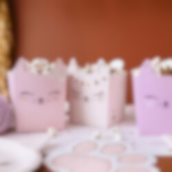 3 Snackboxen in rosa Farben mit schönen Motiven von Katzengesichtern auf der Außenseite. Befüllen Sie diese Boxen mit Snacks oder Süßigkeiten, wenn es Zeit für eine lustige Katzenparty ist. Die Boxen sind aus Karton gefertigt und haben eine Größe von 10 x 14 cm.
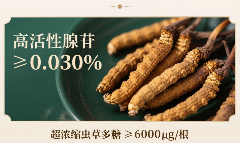 真正的高端蟲草,終將以成分與效果說話。經權威HPLC檢測認證,芝康紀冬蟲夏草的高活性腺苷含量≥0.030%,是普通蟲草的2-3倍;蟲草多糖單根含量更是高達≥6000μg,相當於普通蟲草的6倍,經科學實驗驗證,能有效增強機體活力,爲疲憊的身體注入自然能量。
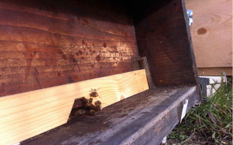 Oggi tutte le famiglie erano attive. L'arnia con la covata nel cassetto un po meno, forse è vero che ce ne son poche: mangiano il candito sul coprifavo con molto interesse. Secondo me, a parte il fatto che regina e operaie non si mettono d'accordo, è il clima che ha degli sbalzi incredibili e di conseguenza le api non sanno come organizzarsi. Non so. Almeno posso escludere che ci sia tanta varroa, nel cassetto non ce n'è.
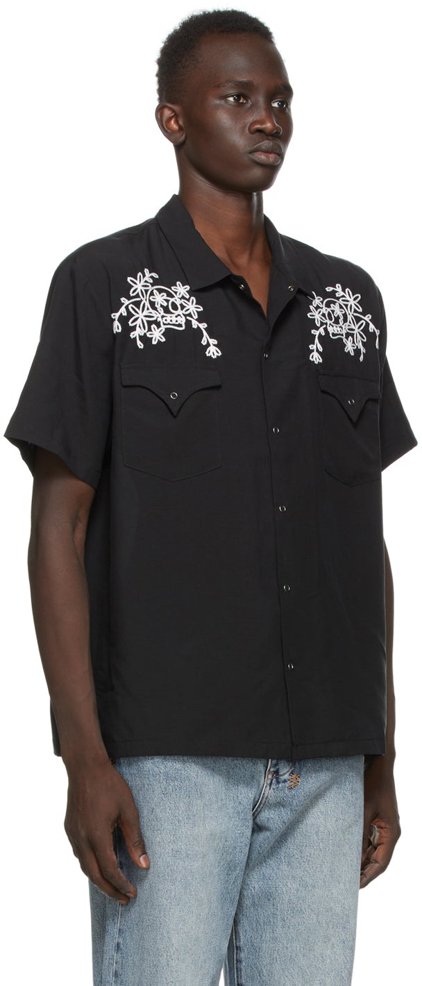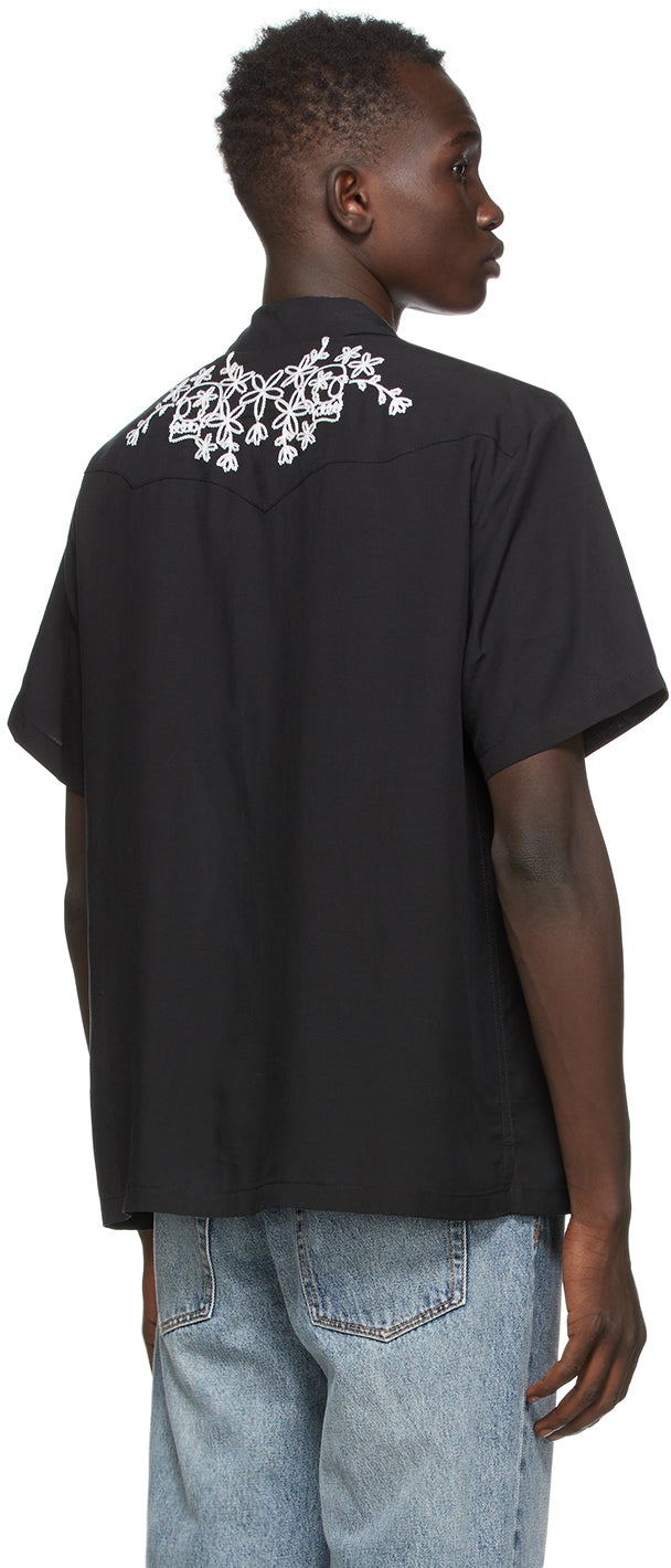 Short sleeve woven linen-blend shirt in black. Graphics embroidered in white throughout. Spread collar. Press-stud closure at front. Flap pockets at chest. Vented side-seams. Supplier color: Black 89% tencel, 11% linen. Brand: Double Rainbouu

::::

▶ Task goal
Copy out the whole listing exactly. Skip its pictures.

▶ Task output
 3 Snackboxen in rosa Farben mit schönen Motiven von Katzengesichtern auf der Außenseite. Befüllen Sie diese Boxen mit Snacks oder Süßigkeiten, wenn es Zeit für eine lustige Katzenparty ist. Die Boxen sind aus Karton gefertigt und haben eine Größe von 10 x 14 cm.
 真正的高端蟲草,終將以成分與效果說話。經權威HPLC檢測認證,芝康紀冬蟲夏草的高活性腺苷含量≥0.030%,是普通蟲草的2-3倍;蟲草多糖單根含量更是高達≥6000μg,相當於普通蟲草的6倍,經科學實驗驗證,能有效增強機體活力,爲疲憊的身體注入自然能量。
 Oggi tutte le famiglie erano attive. L'arnia con la covata nel cassetto un po meno, forse è vero che ce ne son poche: mangiano il candito sul coprifavo con molto interesse. Secondo me, a parte il fatto che regina e operaie non si mettono d'accordo, è il clima che ha degli sbalzi incredibili e di conseguenza le api non sanno come organizzarsi. Non so. Almeno posso escludere che ci sia tanta varroa, nel cassetto non ce n'è.
 Short sleeve woven linen-blend shirt in black. Graphics embroidered in white throughout. Spread collar. Press-stud closure at front. Flap pockets at chest. Vented side-seams. Supplier color: Black 89% tencel, 11% linen. Brand: Double Rainbouu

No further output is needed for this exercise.